On Thu, Jun 10, 2010 at 9:07 PM, Daniel P. Berrange <berrange@redhat.com> wrote:
On Thu, Jun 10, 2010 at 08:57:15PM +0300, Emre Erenoglu wrote:
> On Thu, Jun 10, 2010 at 5:02 PM, Matthias Bolte <
> matthias.bolte@googlemail.com> wrote:
>
> > 2010/6/10 Emre Erenoglu <erenoglu@gmail.com>:
> > The initscript explicitly starts the one in /usr/sbin. If you just
> > start libvirtd manually without an absolute path then you'll start the
> > one in /usr/local/sbin. This might explain why you cannot reproduce
> > the segfault manually, but it doesn't explain why the segfault
> > happens.
> >
>
> There's no other installation of libvirt in the system. I can also reproduce
> the same thing in all Pardus machines, so I believe it's something in
> libvirt not doing well with something else in our service init mechanisms.

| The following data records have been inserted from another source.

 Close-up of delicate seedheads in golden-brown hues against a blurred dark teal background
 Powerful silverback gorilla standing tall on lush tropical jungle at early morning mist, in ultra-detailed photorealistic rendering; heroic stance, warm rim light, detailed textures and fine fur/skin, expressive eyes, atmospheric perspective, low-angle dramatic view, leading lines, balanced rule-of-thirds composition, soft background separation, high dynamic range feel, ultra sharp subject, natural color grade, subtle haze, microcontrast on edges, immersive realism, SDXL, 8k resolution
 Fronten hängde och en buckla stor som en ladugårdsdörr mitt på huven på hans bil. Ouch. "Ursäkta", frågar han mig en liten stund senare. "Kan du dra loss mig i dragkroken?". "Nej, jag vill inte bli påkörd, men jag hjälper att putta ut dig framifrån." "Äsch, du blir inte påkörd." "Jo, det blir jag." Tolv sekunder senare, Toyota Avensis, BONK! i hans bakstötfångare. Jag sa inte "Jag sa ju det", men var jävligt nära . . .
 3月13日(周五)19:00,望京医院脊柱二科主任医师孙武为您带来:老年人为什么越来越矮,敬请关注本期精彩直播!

I guess I'd put money on some environment variable causing trouble.
It could be a *missing* environment variable that we expect to always
be set, or something like that

Hi Daniel, thanks for your message. Yes, I did a small script file as you suggested and found out this environment while libvirtd was run:

DBUS_STARTER_ADDRESS=unix:path=/var/run/dbus/system_bus_socket,guid=6c515f612162b05d554b59cd4c112d43
KRB5_KTNAME=/etc/libvirt/krb5.tab
PWD=/
DBUS_STARTER_BUS_TYPE=system
SHLVL=1
_=/usr/bin/env
 
This looks very weak compared to the standard root environment that I pasted in my earlier message.

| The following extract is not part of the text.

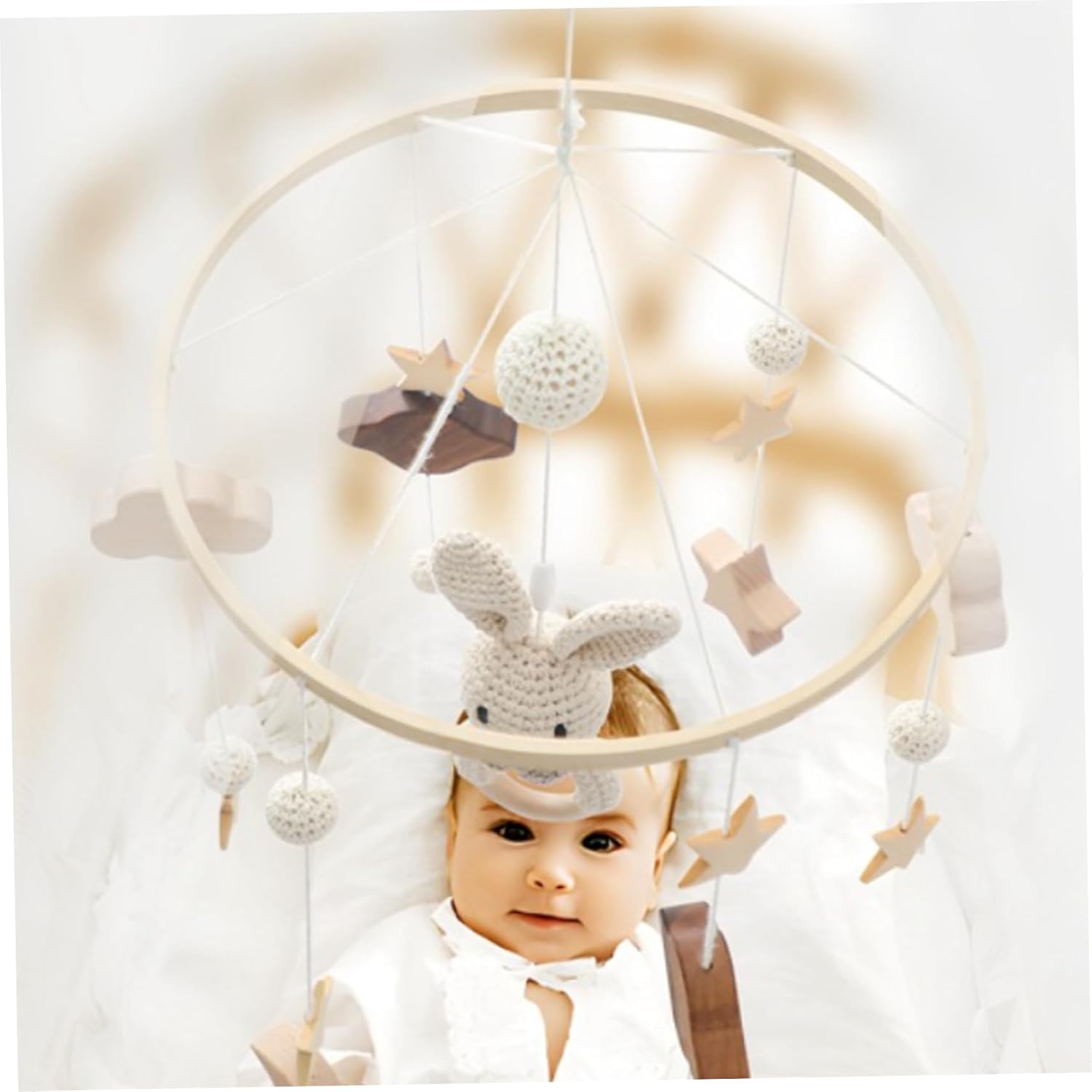 Promise Babe Baby Mobile for Baby Cot,Cute Wooden Star Clouds Baby Mobiles Felt Cot Mobiles Nursery Wooden Crochet Mobiles Newborn Boy Girl Bed Bell Wind Chimes Hanging Deco Nursery Mobiles for Babies

> > >> Could you provide a GDB backtrace of the segfault? The syslog entry only
> > >> says that it crashed in libc, that's not enough information to
> > >> debug the segfault.
> > >
> > > Unfortunately, I can't find a related core file in the system. In fact,
> > core
> > > file is not generated. I'll also try to fix this out and come back to the
> > > list.
> > >
> >
> > Getting a backtrace would be simpler if you could reproduce the
> > problem manually. In that case you could just start libvirtd in GDB.
> > But getting a backtrace from a coredump will work too.
> >
> I can't reproduce the segfault when I run it manually. It only happens when
> it's run from this python script. I will try to initialize gdb inside the
> script and connect remotely to the gdb session, but it's getting a bit over
> my debugging capabilities :)  For example, I don't know how to assign the
> symbols and source code etc from the package build directory to gdb.

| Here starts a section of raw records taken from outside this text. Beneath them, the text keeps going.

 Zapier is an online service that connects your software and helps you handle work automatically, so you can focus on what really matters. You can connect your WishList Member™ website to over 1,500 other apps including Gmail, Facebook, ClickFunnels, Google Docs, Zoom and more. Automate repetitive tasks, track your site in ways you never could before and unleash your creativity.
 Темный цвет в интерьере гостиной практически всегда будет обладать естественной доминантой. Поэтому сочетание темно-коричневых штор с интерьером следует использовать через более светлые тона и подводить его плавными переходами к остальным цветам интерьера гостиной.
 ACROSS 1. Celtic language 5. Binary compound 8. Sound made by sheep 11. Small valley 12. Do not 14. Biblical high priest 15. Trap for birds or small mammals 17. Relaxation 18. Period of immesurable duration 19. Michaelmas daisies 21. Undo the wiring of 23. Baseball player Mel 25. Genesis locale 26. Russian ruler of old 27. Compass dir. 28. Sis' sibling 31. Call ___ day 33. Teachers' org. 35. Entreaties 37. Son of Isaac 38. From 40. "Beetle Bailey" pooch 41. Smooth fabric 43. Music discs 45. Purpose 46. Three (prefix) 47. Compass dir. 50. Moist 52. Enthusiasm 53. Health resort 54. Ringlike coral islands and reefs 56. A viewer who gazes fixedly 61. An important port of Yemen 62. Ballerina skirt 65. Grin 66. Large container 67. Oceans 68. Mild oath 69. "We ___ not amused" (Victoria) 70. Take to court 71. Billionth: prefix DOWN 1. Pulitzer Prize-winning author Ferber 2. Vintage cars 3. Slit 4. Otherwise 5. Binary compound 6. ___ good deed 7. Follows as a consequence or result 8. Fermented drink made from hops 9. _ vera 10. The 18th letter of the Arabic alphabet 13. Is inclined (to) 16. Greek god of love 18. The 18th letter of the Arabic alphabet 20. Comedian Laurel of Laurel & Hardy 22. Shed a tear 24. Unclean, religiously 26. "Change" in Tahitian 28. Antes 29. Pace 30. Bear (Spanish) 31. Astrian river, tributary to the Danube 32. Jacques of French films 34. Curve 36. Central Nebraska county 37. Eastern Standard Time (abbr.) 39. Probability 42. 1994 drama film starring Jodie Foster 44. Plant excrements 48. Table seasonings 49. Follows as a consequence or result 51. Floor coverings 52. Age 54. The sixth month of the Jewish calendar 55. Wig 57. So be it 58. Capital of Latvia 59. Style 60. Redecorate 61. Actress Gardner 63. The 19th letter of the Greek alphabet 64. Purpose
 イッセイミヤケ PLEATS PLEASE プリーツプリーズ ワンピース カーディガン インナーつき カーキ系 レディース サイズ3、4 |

Try creating a wrapper script, eg

  mv /usr/sbin/libvirtd /usr/sbin/libvirtd.real
  cat > /usr/sbin/libvirtd <<EOF
  #!/bin/sh
  cd /tmp
  ulimited -c unlimited
  exec /usr/sbin/libvirtd.real
  EOF
  chmod +x /usr/sbin/libvirtd

That will hopefully give you a core dump in /tmp you can get get a
stack trace from

Yes, I got the core file with the script. However, when I open the core file with gdb, and use bt command to get the backtrace, the only thing it tells me is this:

Core was generated by `/usr/sbin/libvirtd --daemon'.
Program terminated with signal 11, Segmentation fault.
#0  0xb73ed8f3 in ?? ()
(gdb) bt
Cannot access memory at address 0x810b9db

Maybe I don't know enough of debugging as I know I have to see the code lines (somehow) at this segfault point. Could you guide me on that?

Thanks,

Br,
Emre